## [ASSIGNMENT]
Please output all the entries word for word, without the pictures.

*** Block opens ***

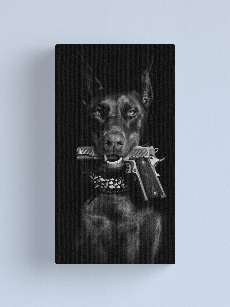 Affiche de chien DobSuffolk noir avec une arme à feu pour salon, peinture sur toile créative, art mural nordique, décor à la maison
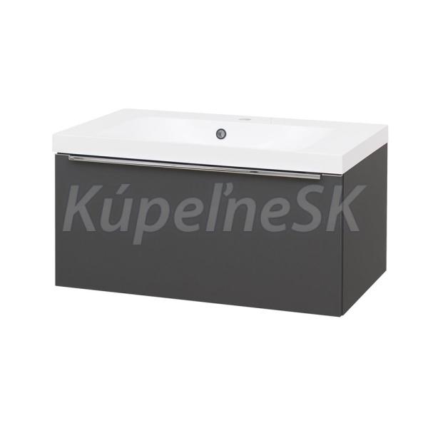Mereo Mailo, kúpeľňová skrinka s umývadlom z liateho mramoru 81 cm, antracit, chróm madlo
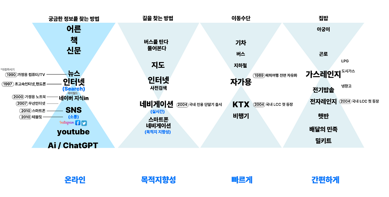 그 이후 세대는 더욱 빠르고 세분화된 환경 속에서 성장한다. 태어날 때부터 유튜브와 SNS가 존재하는 알고리즘 세대이다. 이들은 자신이 좋아하는 것만을 선택적으로 소비하며, 알고리즘을 통해 전 세계의 작은 가게와 공간, 재미있는 사람을 찾아내고 스마트폰 네비게이션을 보며 목적지만을 향해 이동한다. 이렇게 사람들의 라이프스타일 자체가 달라지고 있다. 이러한 이동 방식의 변화에는 KTX와 항공 교통의 발달도 큰 역할을 했다.
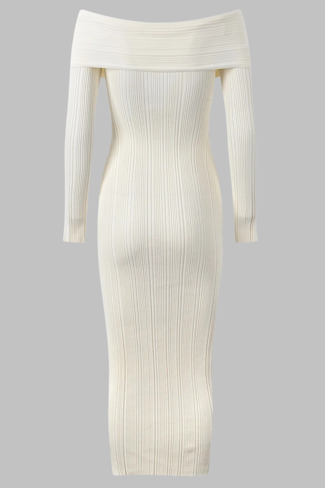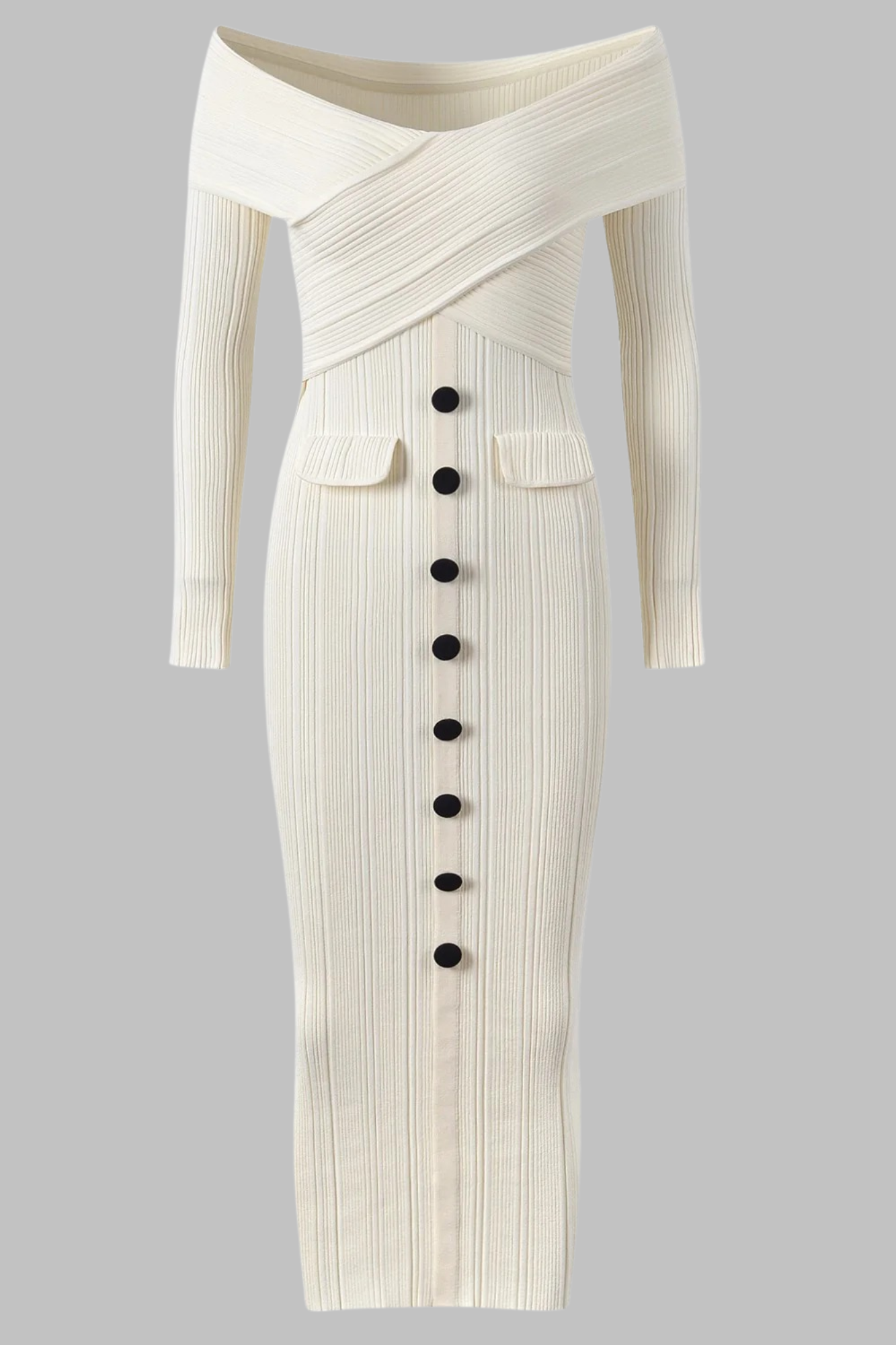 Elegant and modern, this ribbed knit mid-long dress features a folded off-shoulder neckline that highlights the décolletage with refined charm. The long sleeves and front button design add a touch of sophistication, while the soft, stretchy knit fabric offers a flattering and comfortable fit. Ideal for evening events, dinner outings, or special occasions, blending timeless elegance with a contemporary silhouette.
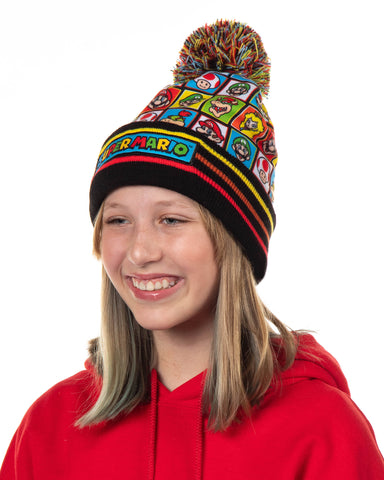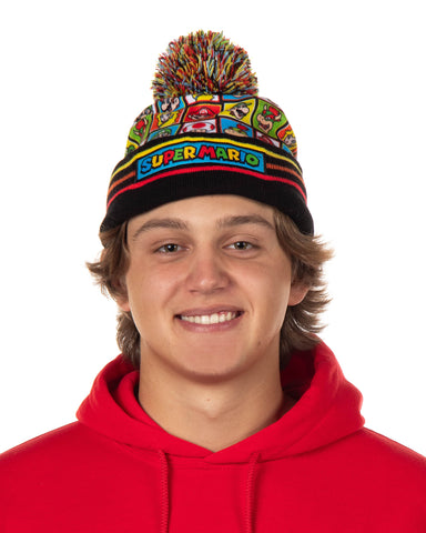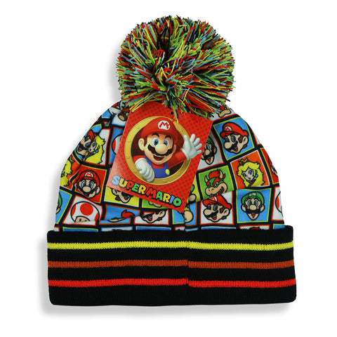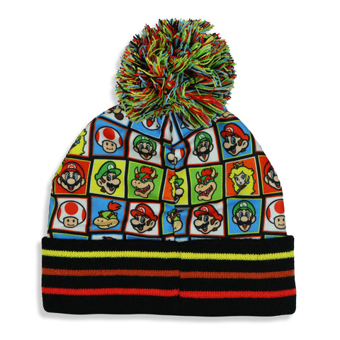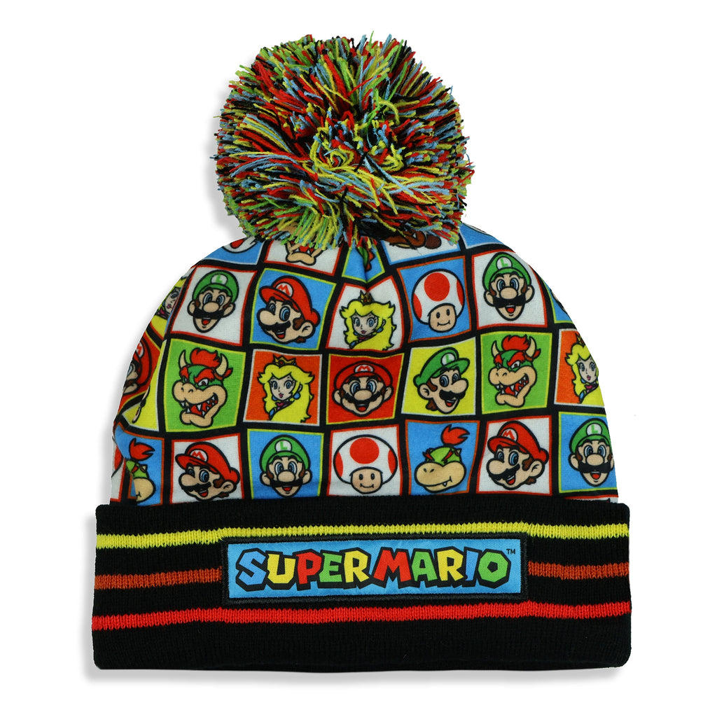 This knit beanie features a colorful grid of Super Mario characters, including Mario, Luigi, Toad, Princess Peach, and others, arranged in small square panels across the hat. The bright pom-pom and striped cuff add contrast and unify the artwork, while the Super Mario patch on the cuff provides a recognizable touch. Made from soft 100% polyester, the cap offers warmth, stretch, and comfort for everyday wear. Super Mario remains one of the most recognizable gaming franchises, known for its bright colors, memorable characters, and adventurous themes. This beanie captures that energy through its design and layout, making it a practical accessory for fans who want to showcase their love for the franchise in their daily wardrobe.
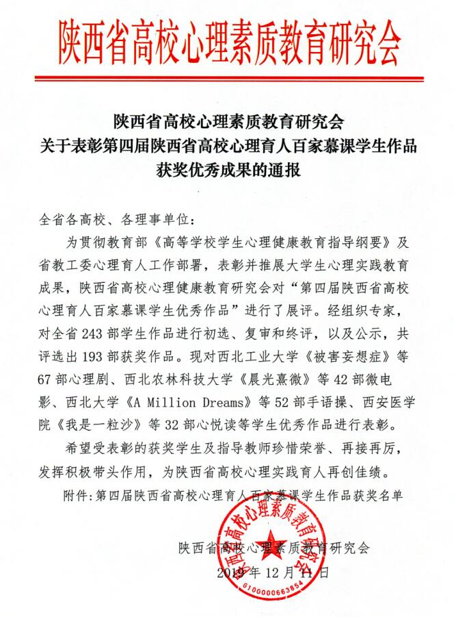 12月11日, 陕西省高校心理素质教育研究会发布《关于表彰第四届陕西省高校心理育人百家慕课学生作品获奖优秀成果的通报》我院参赛心理情景剧《蜕变》荣获三等奖。

*** Block closes ***

## [PROBLEM SOLUTION]
 Affiche de chien DobSuffolk noir avec une arme à feu pour salon, peinture sur toile créative, art mural nordique, décor à la maison
Mereo Mailo, kúpeľňová skrinka s umývadlom z liateho mramoru 81 cm, antracit, chróm madlo
 그 이후 세대는 더욱 빠르고 세분화된 환경 속에서 성장한다. 태어날 때부터 유튜브와 SNS가 존재하는 알고리즘 세대이다. 이들은 자신이 좋아하는 것만을 선택적으로 소비하며, 알고리즘을 통해 전 세계의 작은 가게와 공간, 재미있는 사람을 찾아내고 스마트폰 네비게이션을 보며 목적지만을 향해 이동한다. 이렇게 사람들의 라이프스타일 자체가 달라지고 있다. 이러한 이동 방식의 변화에는 KTX와 항공 교통의 발달도 큰 역할을 했다.
 Elegant and modern, this ribbed knit mid-long dress features a folded off-shoulder neckline that highlights the décolletage with refined charm. The long sleeves and front button design add a touch of sophistication, while the soft, stretchy knit fabric offers a flattering and comfortable fit. Ideal for evening events, dinner outings, or special occasions, blending timeless elegance with a contemporary silhouette.
 This knit beanie features a colorful grid of Super Mario characters, including Mario, Luigi, Toad, Princess Peach, and others, arranged in small square panels across the hat. The bright pom-pom and striped cuff add contrast and unify the artwork, while the Super Mario patch on the cuff provides a recognizable touch. Made from soft 100% polyester, the cap offers warmth, stretch, and comfort for everyday wear. Super Mario remains one of the most recognizable gaming franchises, known for its bright colors, memorable characters, and adventurous themes. This beanie captures that energy through its design and layout, making it a practical accessory for fans who want to showcase their love for the franchise in their daily wardrobe.
 12月11日, 陕西省高校心理素质教育研究会发布《关于表彰第四届陕西省高校心理育人百家慕课学生作品获奖优秀成果的通报》我院参赛心理情景剧《蜕变》荣获三等奖。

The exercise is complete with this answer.